A Reader's Companion was a natural extension of Vanessa's work on Poirot, bringing together her experience in two-dimensional and three-dimensional design with her love of the Christie era: "I was lucky enough to find an agent for the book who was herself passionate about Christie, because the whole intention of the book was that it should be lavish, and it's hard to get support for such an expensive proposal for a first book."
Even when Vanessa did find backing for the project, it took all her ingenuity to get all of the visuals she wanted - contemporary typefaces, book shots, cartoons and photographs - within the picture budget. Copyright on objects associated with Christie turned out to be fiercely protected and expensive to buy, so in many cases Vanessa needed to improvise. One factor that helped her out was her skill for trompe l'oeil gained by years in set design, where she learned "how to suggest a happening that hasn't occurred in fact". Many of the items pictured in A Reader's Companion - an old-fashioned telephone, a pair of chic high there is no explicit link; the portraits of girls with wavy bobs beaming outside country houses seem plucked straight out of a Christie novel, but are in fact from Vanessa's family albums of the 1930s.

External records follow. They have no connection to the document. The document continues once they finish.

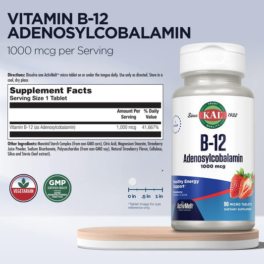 High Absorption Vitamin B12 1000 mcg ActivMelt Tablets for Energy, Metabolism, Nerve & Red Blood Cell Support - 90 Servings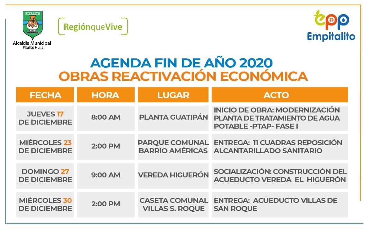 Con una agenda de obras de reactivación económica se socializaran con la comunidad varias acciones de la empresa de servicios Públicos en Pitalito indico la gerencia de la entidad.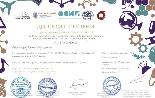 Анна Иванова, студентка V курса факультета факультета естествознания, географии и туризма, стала призёром II степени в номинации «География», набрав 95 баллов из 100 возможных.
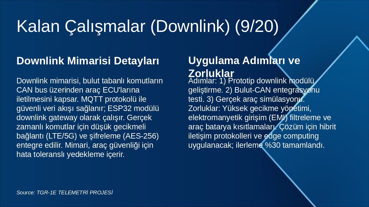 | Downlink mimarisi, bulut tabanlı komutların CAN bus üzerinden araç ECU'larına iletilmesini kapsar. MQTT protokolü ile güvenli veri akışı sağlanır; ESP32 modülü downlink gateway olarak çalışır. Gerçek zamanlı komutlar için düşük gecikmeli bağlantı (LTE/5G) ve şifreleme (AES-256) entegre edilir. Mimari, araç güvenliği için hata toleranslı yedekleme içerir. | Adımlar: 1) Prototip downlink modülü geliştirme. 2) Bulut-CAN entegrasyonu testi. 3) Gerçek araç simülasyonu. Zorluklar: Yüksek gecikme yönetimi, elektromanyetik girişim (EMI) filtreleme ve araç batarya kısıtlamaları. Çözüm için hibrit iletişim protokolleri ve edge computing uygulanacak; ilerleme %30 tamamlandı. |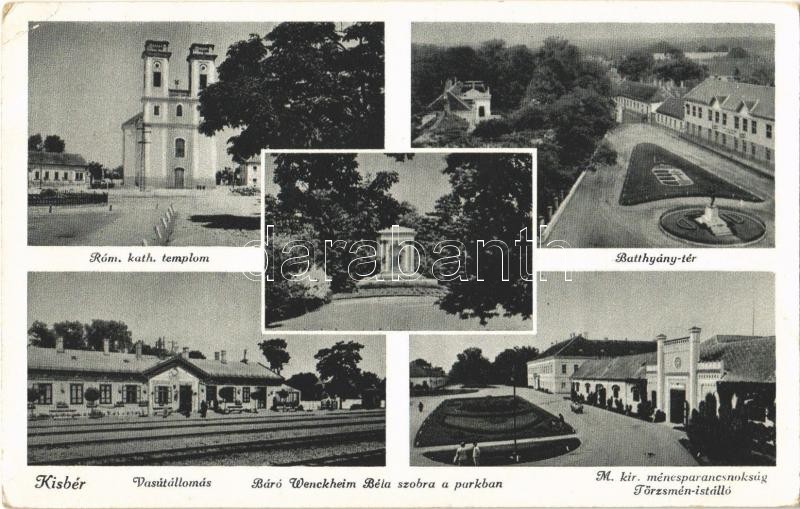 1940 Kisbér, Római katolikus templom, Batthyány tér, magyar címer, Vasútállomás, Báró Wenckheim Béla szobra a parkban, M. kir. ménesparancsnokság, Törzsmén istálló (EK)

It's a sleight that Christie herself might well have approved of, and Vanessa found it to be one of the most rewarding aspects of her work: "One of the first pages in my book shows the gates of Abney Hall, the source of inspiration for many of Christie's country locations, shrouded in mist and smoke. I fused two pictures for this; firstly, I lit a bonfire at the bottom of my garden at home, and photographed the smoke and mist in the trees and then I combined it with a picture of the gates at the hall. So I got to set-design the picture, and then design it again as a page layout, which was a very creative process."
A Reader's Companion has provided an equally lively start to her own career; one which she hopes to build on with a new work about women's dress in the family, once again drawn from her photography archives, which she plans to approach with her customary enthusiasm: "I hope that with my work, I'll encourage other people to search out their visual histories. There's been a lot more interest recently in genealogy in general, but it is the visual accounts that interest me, the old family photographs that many families have if you just look around and ask."
With her other interests in fine art, spiritualism, magazine and set design, Vanessa has plenty of other projects up her sleeve, which will doubtless develop in time: "I have a great belief that passions are there to be pursued, and you've just got to follow them." Like the plot of a good Christie novel, or the course of a microlight sweeping across the English countryside, you might not know where Vanessa's particular passions will take her, but you can tell it will be exciting.